The vulnerability, tracked as CVE-2025-12420, carries a CVSS score of 9.3 out of 10.0

“This issue […] could enable an unauthenticated user to impersonate another user and perform the operations that the impersonated user is entitled to perform,” the company said in an advisory released Monday.

The shortcoming was addressed by ServiceNow on October 30, 2025, by deploying a security update to the majority of hosted instances, with the company also sharing the patches with ServiceNow partners and self-hosted customers.

Cybersecurity

The following versions include a fix for CVE-2025-12420 –

  • Now Assist AI Agents (sn_aia) – 5.1.18 or later and 5.2.19 or later
  • Virtual Agent API (sn_va_as_service) – 3.15.2 or later and 4.0.4 or later

ServiceNow credited Aaron Costello, chief of SaaS Security Research at AppOmni, with discovering and reporting the flaw in October 2025. While there is no evidence that the vulnerability has been exploited in the wild, users are advised to apply an appropriate security update as soon as possible to mitigate potential threats.

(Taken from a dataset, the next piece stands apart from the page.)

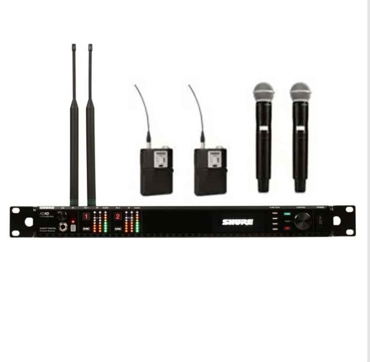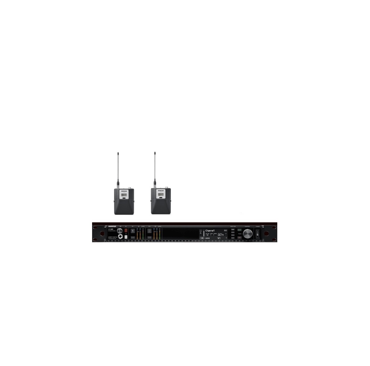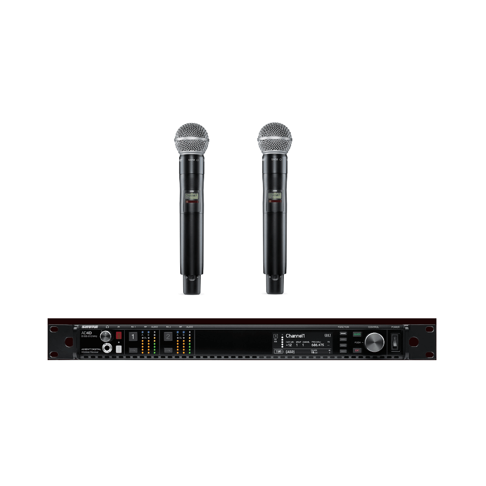 Alquiler de sistema Shure Axient digital (470-636) precio por una emisora dual Shure ad4d con 2 mic de mano ad2 con cápsula o petaca ad1

The disclosure comes nearly two months after AppOmni revealed that malicious actors can exploit default configurations in ServiceNow’s Now Assist generative artificial intelligence (AI) platform and leverage its agentic capabilities to conduct second-order prompt injection attacks.

The issue could then be weaponized to execute unauthorized actions, enabling attackers to copy and exfiltrate sensitive corporate data, modify records, and escalate privileges.